Sickle Cell Genetics and Pathophysiology

Research in the Laboratory of Sickle Cell Genetics and Pathophysiology, led by Dr. Swee Lay Thein, examines the genetic and biological factors underlying the phenotypic variability of sickle cell disease to accelerate translation of basic discovery to therapeutics.

Swee Lay Thein

Senior Investigator Research Interests

Research Interests

The Thein group conducts research on the pathophysiology of sickle cell disease (SCD) applying insights from genotype-phenotype observations to accelerate translation of basic discovery to therapeutic applications.
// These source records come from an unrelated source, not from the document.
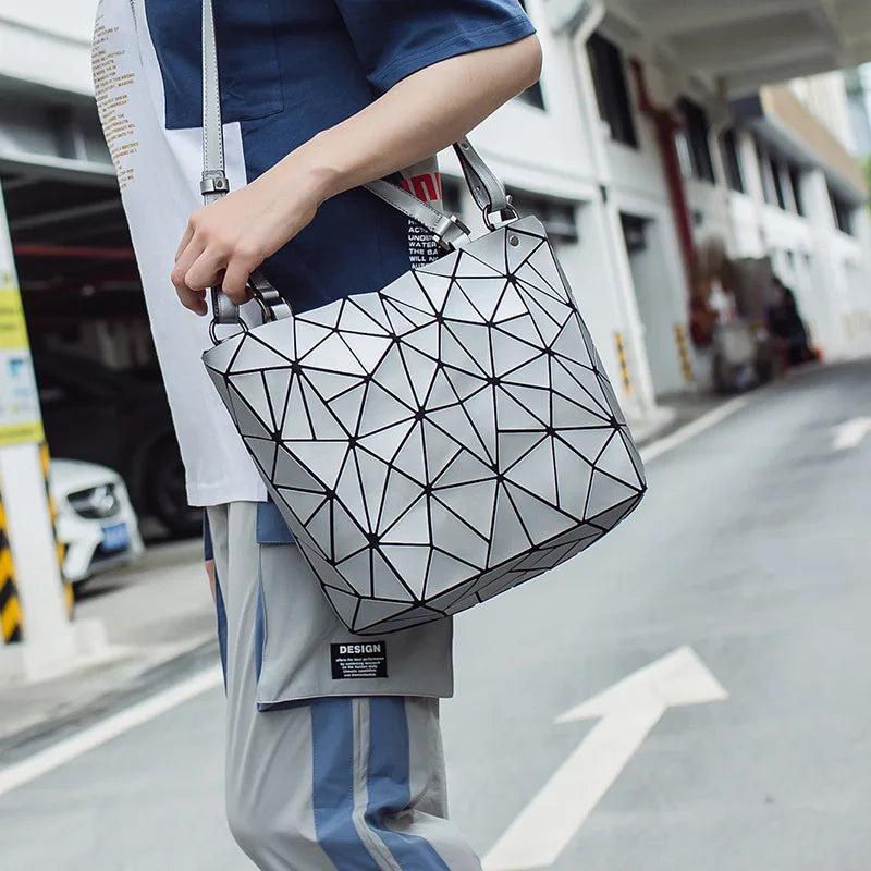 Diamond Tote Geometric Quilted Shoulder Bag Laser Plain Folding Handbag
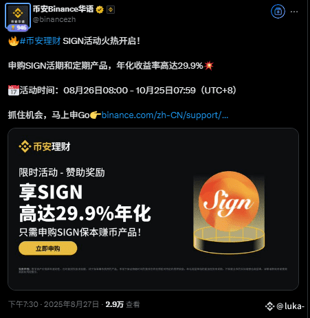 其实也建议大家,没有投资方向就定投 $SIGN ,从开盘以来几乎没有跌下0.06过,而且按照团队的做事能力完全不需要担心,团队已完成 1200 万美元 SIGN 回购。 社区成员大部分都选择质押,包括我,定投+质押,我认为适合所有人,在官网质押是10%的年化,刚刚还推出了在币安的理财质押是29.9%的年化,根本不知道怎么输。
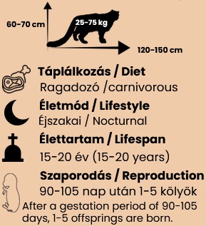 Fakó színű, foltos, vastag bundája jól elrejti a havas sziklák között, és védi a nagy hidegekben is. Téli szőrzete nemcsak hosszú, hanem kétrétegű is. A felső réteg alatt, a testhez közelebb egy gyapjúszerű alsóbunda van. Kedvelt táplálékai a hegyi kecskék és a hegyi juhok. A szaporodási időszakban a pár együtt vadászik: egyikük a zsákmányt egy völgy felé hajtja, míg a másik lesben áll, majd rárohannak az áldozatra. A tél beköszöntével követik prédáikat, és lejjebb húzódnak a sűrű erdőkbe, rododendron-bozótosokba. Itt fácánokra, szarvasokra és vaddisznókra is vadásznak.
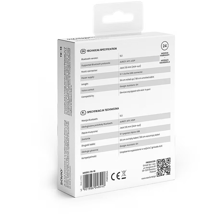 Description - SAVIO TR-16 AUX transmitter with hands-free function Transmitter TR-16 is a multifunctional electronic accessory, which is equipped with Bluetooth 5.3. The chipset used allows you to play music in excellent quality, and the AUX-in connector increases the ways of its use. Importantly, it additionally has support for Google Assistant and Siri services. Easy installation and use The TR-16 transmitter from Savio is a very easy-to-install and use electronic accessory. All you need to do is power it from the USB connector, plug it into your car's AUX jack, pair it with your phone via Bluetooth and you can enjoy your favorite music. The device is ready to use without the need for complicated configuration or installation of additional software. Compatibility Savio transmitter is compatible with most car audio systems that have an AUX input. Thus, even older car models that do not have built-in Bluetooth can enjoy modern wireless functions. Practicality and convenience Savio's TR-16 features convenient handling, with a cable length of 34 cm when retracted and 86 cm when extended. This is especially useful in cars, where the AUX jack can be placed in less accessible places. Also, thanks to the longer cable, the transmitter can be placed closer to the driver or passengers, making it easier to use. Technical specifications: Bluetooth version: 5.3. Bluetooth protocols supported: AVRCP, HFP, A2DP. Music connector: mini Jack 3.5 mm (AUX-out). Power supply: 5 volts via USB connector. Cable length: 34 cm coiled cable / 86 cm extended cable. Voice support: Google Assistant, Siri. Compatibility: devices equipped with AUX input/jack Frequency bands in which the radio equipment operates: Bluetooth: 2400 2483.5 MHz Maximum radio-frequency power transmitted in the frequency band in which the radio equipment operates: Bluetooth: 4 dBm
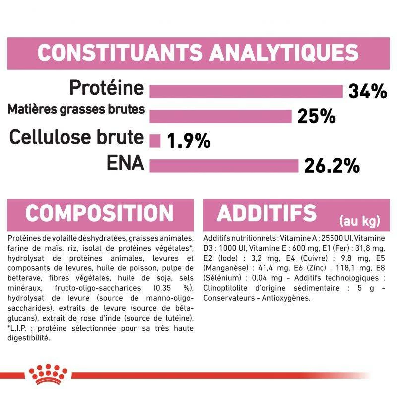 ROYAL CANIN British Shorthair Kitten est un aliment spécialement formulé pour les chatons British Shorthair afin d’assurer un développement correct et harmonieux du chaton. Le système immunitaire du chaton n’est pas complètement développé et a donc besoin d’être soutenu par les bons nutriments. Le complexe breveté d’antioxydants en interaction, y compris la vitamine E, favorise le développement des mécanismes de défense naturels. Le système digestif du chaton continue de se développer jusqu’à l’âge de 12 mois. Des protéines de haute qualité sont importantes pour la santé du tube digestif, c’est pourquoi l’aliment contient des protéines L.I.P., sélectionnées pour leur très haute digestibilité. Il contient également des prébiotiques pour aider à équilibrer la flore intestinale.
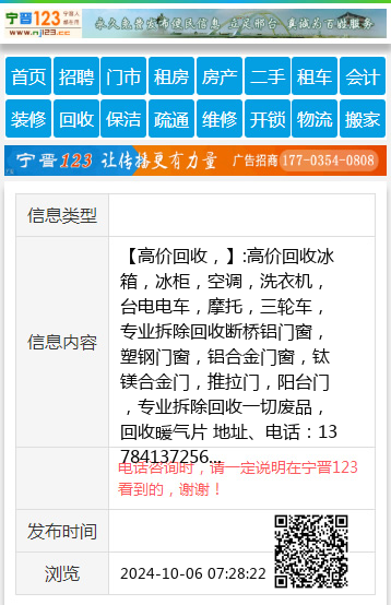 【高价回收,】:高价回收冰箱,冰柜,空调,洗衣机,台电电车,摩托,三轮车,专业拆除回收断桥铝门窗,塑钢门窗,铝合金门窗,钛镁合金门,推拉门,阳台门,专业拆除回收一切废品,回收暖气片 地址、电话:13784137256

By combining clinical, laboratory, imaging and new diagnostic techniques, we hope to improve phenotypic definition of SCD at all levels and to introduce more targeted pharmaceutical therapies for SCD. The Thein laboratory is also involved in pre-clinical and clinical testing of drugs and innovative compounds that reduce sickle hemoglobin (HbS) polymerization, improve red cell rheology, or induce fetal hemoglobin.

SCD is an inherited hemoglobin disorder prevalent in regions where malaria was historically endemic, including sub-Saharan Africa, India, the Middle East, and the Mediterranean. Currently, an estimated 300,000 affected babies are born each year, more than 80% of whom are in Africa. In the United States, SCD is considered “rare”, but nonetheless affects and estimated 100,000 Americans (the majority being of African descent) and 1 in 365 African-American births.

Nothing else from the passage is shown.